There were quite a few people going up and down, including a few elderly doing the walk up backwards. I passed many small groups of teenagers, apparently out for a day of flirting and romance. A couple of young girls said “hello” to me a couple of times before I realized they were talking to me, so deep into oxygen deprivation was I. It was steep, really, really steep. And such a nice follow on to my just completed spin routine. As though I needed more exercise to further counteract those Dove bars.

I rounded a corner and looked down on a small reservoir with a Dutch windmill standing guard by its dam. For some reason, these European windmills are not uncommon here. I finally reached the 2/3 point and stopped to look at the big bronze bell and the view of the city which on so clear a day was pretty spectacular. But I wasn’t done; I still had a bit more to go up a closed road to the top. It was either that or the stair route and frankly that didn’t much appeal to me.

I walked for a bit in parallel with a guy exercising his dog. It saw me and started barking, blocking my path. Well, as much as a small black and white Tibetan Spaniel can block one’s path. He called it over just as I was hearing in my mind all those admonitions about rabies vaccinations. I’m guessing I could have kicked it 20 yards before it had a chance to bite me.

Near the top I stopped to take in the view. Off to one side was the sea with the giant cranes at the port looming on the fuzzy horizon like big steel dinosaurs. A seaward wind must have been blowing in the valley between the peak I was on and the next one over because a steady stream of those colorful Mylar party balloons was blowing through the gap on their way to the ocean and perhaps that giant trash vortex that twirls out there in the middle of the Pacific. A couple of pheasants were calling down below reminding me that if I was home I’d be hearing the same thing out in the back arena.

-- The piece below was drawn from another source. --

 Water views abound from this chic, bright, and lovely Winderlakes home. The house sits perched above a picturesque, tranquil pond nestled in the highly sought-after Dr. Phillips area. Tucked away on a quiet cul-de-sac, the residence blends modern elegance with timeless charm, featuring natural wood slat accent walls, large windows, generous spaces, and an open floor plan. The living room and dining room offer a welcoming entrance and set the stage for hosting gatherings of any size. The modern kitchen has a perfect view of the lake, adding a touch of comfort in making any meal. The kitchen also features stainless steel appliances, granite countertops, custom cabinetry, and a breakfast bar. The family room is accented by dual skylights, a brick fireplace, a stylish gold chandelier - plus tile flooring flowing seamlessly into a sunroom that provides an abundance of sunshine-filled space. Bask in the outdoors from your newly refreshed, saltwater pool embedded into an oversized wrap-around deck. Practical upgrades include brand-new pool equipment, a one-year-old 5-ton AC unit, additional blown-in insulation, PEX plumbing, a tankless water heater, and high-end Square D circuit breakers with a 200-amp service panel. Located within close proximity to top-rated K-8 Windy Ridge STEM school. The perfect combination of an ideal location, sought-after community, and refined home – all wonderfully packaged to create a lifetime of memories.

I went on to the top and spent some time looking at the view and then headed back down and back to the hotel.

Today was the same routine, off to the gym where I was able to get through my entire routine without any noise or lighting issues. As I was leaving a Chinese belly dancing class was getting started and I was a tiny bit sorry to not be able to stay and watch what was almost certainly a chance for cultural enrichment.

I met some friends for coffee and then extended that into lunch at Eddy’s where a good old cheese pizza fit the bill nicely. From there I went over to a shopping “mall” to help them shop for a ping pong table. An interesting place selling everything from sporting goods to clothes to the most amazing collection of hardware I have ever seen. I stopped for a while to talk to a young man selling cell phones impressing him with my iPhone. He’d seen the Chinese knock-off but never the real thing.

And so here we are at the end of another weekend, sitting typing and drinking coffee. The expat experience in spades.